怎么这声音这么奇怪,听起来不像楚姨呢?
夏风为楚姨开口呵斥心感振奋,可脑子里莫名其妙地钻出一个古怪念头。
他没时间多想,暗道了声“胖子你活该!”,准备欣赏某人成为滚地葫芦的惨状,哪知耳中传来接连不断的“妈妈、妈妈”呼喊声。
夏风心头暮地一紧,一种强烈的不详预感油然而生!
果不其然,楚姨像中了定身法一般,整个人赫然僵住,凌厉神色再度被迷茫笼罩!
“嗯……”
在短发胖子厚唇触碰她足背的一刻,她喉间竟是溢出一声令人骨头酥软的轻吟。
夏风星目圆睁,一脸震惊,就在他难以置信的目光中,楚姨紧绷的足弓在对方唇下瞬间软了下来,短发胖死则趁热打铁,嘴里重复着“妈妈、妈妈”,手脚也开始不老实起来。
尽管他人在偷香窃玉,夏风却仿佛能感知到对方指腹上的灼人温度。
短发胖子的细微动作也变得清晰无比,只见他喘着粗气,从楚姨细嫩的足跟开始,手掌螺旋揉至她精致软嫩的足趾,每移动半分,还故意施加几分气力。

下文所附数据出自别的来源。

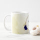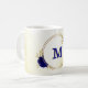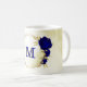 Beautiful coffee mug featuring Royal blue flowers and gold leaves.

他的鼻子同时悄悄贴近,在楚姨羊脂白玉似的足背上狂吸猛嗅,那张稚嫩的胖脸上敬畏早已烟消云散,充斥的全是陶醉和淫欲。
狂吸了几大口后,短发胖少居然大嘴一张,伸出他湿漉漉的粗糙大舌头用力刮过楚姨的玉足香肌,留下一串恶心的水渍!
天杀的混账!
湿痕宛如一条带刺的钢鞭,狠狠砸在夏风的脑门上,他心头的怒火轰地燃起。
这还了得!
楚姨啊楚姨,你中邪了吗!怎么如此任由他人摆布!
你可是大夏国的女神啊!
夏风心急如焚,怒由心生,决定立即阻止!
哪知道他身子刚动,两眼却又是一黑。
待到重见天日之际,眼前的场景再次发生巨变。
不知何时,楚姨斜躺回了浴池边,圆睁的凤眸里笼罩着空洞和虚无。
夏风向前一步,画面倒退一步,再向前,画面再倒退!
他气得咬牙切齿,却又深感无助,无计可施之下,唯望奇迹出现!
与此同时,他总觉得有什么不对劲之处。
带着这份疑惑,他擦亮双眼仔细看向楚姨,还真给他发现了一丝端倪。
楚姨凤眸中一如既往的空洞无物,神情却隐约流露出惊恐和羞愤,她的一只玉白小手正死死堵住红唇,似乎在极力压抑呼之欲出的羞人呻吟。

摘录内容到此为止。